Brazil Is The Amazon’s Steward

Smoke rises from an illegally lit fire in Amazon rainforest reserve, south of Novo Progresso in Para state, Brazil. Photograph: Carl de Souza/AFP/Getty Images

Stewardship has rights and responsibilities, and we expect better both from and for Brazil in their stewardship of the Amazon region. For our part, among other things, we can all avoid purchasing products that result from this deforestation:

Brazilian Amazon released more carbon than it absorbed over past 10 years

International team of researchers also found that deforestation rose nearly four-fold in 2019

A fallen tree lies in an area of the Amazon jungle that was cleared by loggers and farmers near Porto Velho, Rondonia State. Photograph: Ueslei Marcelino/Reuters

The Brazilian Amazon released nearly 20% more carbon dioxide into the atmosphere over the past decade than it absorbed, according to a startling report that shows humanity can no longer depend on the world’s largest tropical forest to help absorb manmade carbon pollution.
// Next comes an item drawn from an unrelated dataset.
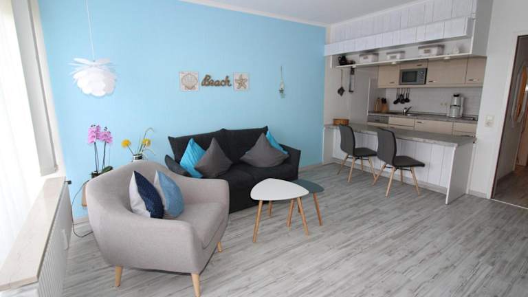 Die Unterkunft bietet ein Wohnzimmer, das mit einem TV ausgestattet ist. Die Wohnung ist ideal für Gäste, die Privatsphäre und eine eigene Küche wünschen. Es gibt parkieren vor Ort und die Unterkunft bietet Gartenmöbel zur Nutzung.

From 2010 through 2019, Brazil’s Amazon basin gave off 16.6bn tonnes of CO2, while drawing down only 13.9bn tonnes, researchers reported Thursday in the journal Nature Climate Change.

The study looked at the volume of CO2 absorbed and stored as the forest grows, against the amounts released back into the atmosphere as it has been burned down or destroyed.

“We half-expected it, but it is the first time that we have figures showing that the Brazilian Amazon has flipped, and is now a net emitter,” said co-author Jean-Pierre Wigneron, a scientist at France’s National Institute for Agronomic Research (INRA).

“We don’t know at what point the changeover could become irreversible,” he told AFP in an interview.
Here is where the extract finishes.